Here, the EU is concerned, for example, with very powerful AI models that could pose a risk to human life, or even the risk that technology manufacturers would be unable to control the continued development of self-improving AI.
Lawmakers chose to rely on computational thresholds for model training as classifiers for this systemic risk tier. GPAI falls into this bracket based on the cumulative amount of compute used for training, measured in floating point operations (FLOPs) greater than 1025.
As of now, it is believed that there are no targeted models, but of course that could change as GenAI continues to develop.
AI safety experts involved in overseeing AI laws also have scope to flag concerns about systemic risks that may arise elsewhere. (For more information on the governance structure devised by the Block for the AI Act, including the various roles of the AI Office, please see our previous report.)
As a result of lobbying by Mr. Mistral and others, the GPAI rules have been watered down, reducing requirements for open source providers, for example (Lucky Mistral!). Research and development has also been carved out, so GPAI that has not yet been commercialized will not even be subject to transparency requirements and will be completely outside the scope of the law.
The long march towards compliance
The AI Act officially entered into force across the EU on August 1, 2024. With deadlines set at various intervals for various components to comply from early next year until around mid-2027, this day effectively sounded the gun.

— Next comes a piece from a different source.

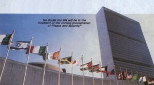 [Imagem da revista A Sentinela de 1 de setembro de 1987, pág. 18. Tradução: Sem dúvida, a ONU estará na dianteira da vindoura proclamação: “Paz e segurança!”]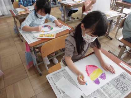 今日は図画工作の授業で,「かきたいものなあに」を行いました。

Some of the key compliance deadlines are six months after the Prohibited Use Cases rule goes into effect. Nine months before the Code of Conduct begins to apply. Transparency and governance requirements take 12 months. 24 months for other AI requirements, including obligations for some high-risk systems. 36 months for other high-risk systems.
One of the reasons for this phased approach to legal provisions is to give companies sufficient time to properly carry out their operations. But beyond that, it is clear that regulators need time to figure out what compliance looks like in this cutting-edge situation.
At the time of writing, the bloc is busy developing guidance on various aspects of the law ahead of these deadlines, including a code of practice for GPAI authors. The EU is also negotiating the definition of “AI systems” in the law (i.e. what software will or will not be covered) and clarifications regarding prohibited uses of AI.
The full picture of what the AI Act means for covered companies is still blurring and taking shape. But key details are expected to be finalized in the coming months and early next year.
Another consideration is that as these technologies (and their associated risks) continue to evolve as a result of the pace of development in the AI field, what is required to comply with the law may also continue to change. There is. So this is one rulebook that you might want to keep as a living document.
AI rule enforcement
Supervision of the GPAI is centralized at EU level, with the AI Secretariat playing a key role. The penalties that the European Commission can apply to enforce these rules could amount to up to 3% of a model manufacturer's global turnover.
In other regions, enforcement of the law's rules regarding AI systems is decentralized, with member state-level authorities (with multiple designated supervisory bodies) responsible for assessing and investigating compliance issues for most AI apps. (as there may be cases where there is more than one person). . It remains to be seen how well this structure will work.
In theory, fines for violations of prohibited uses could reach up to 7% of global turnover (or 35 million euros, whichever is greater). Violations of other AI obligations can result in fines of up to 3% of global turnover, or up to 1.5% for providing false information to regulators. As a result, the scale of sanctions that enforcement authorities can impose is on a sliding scale.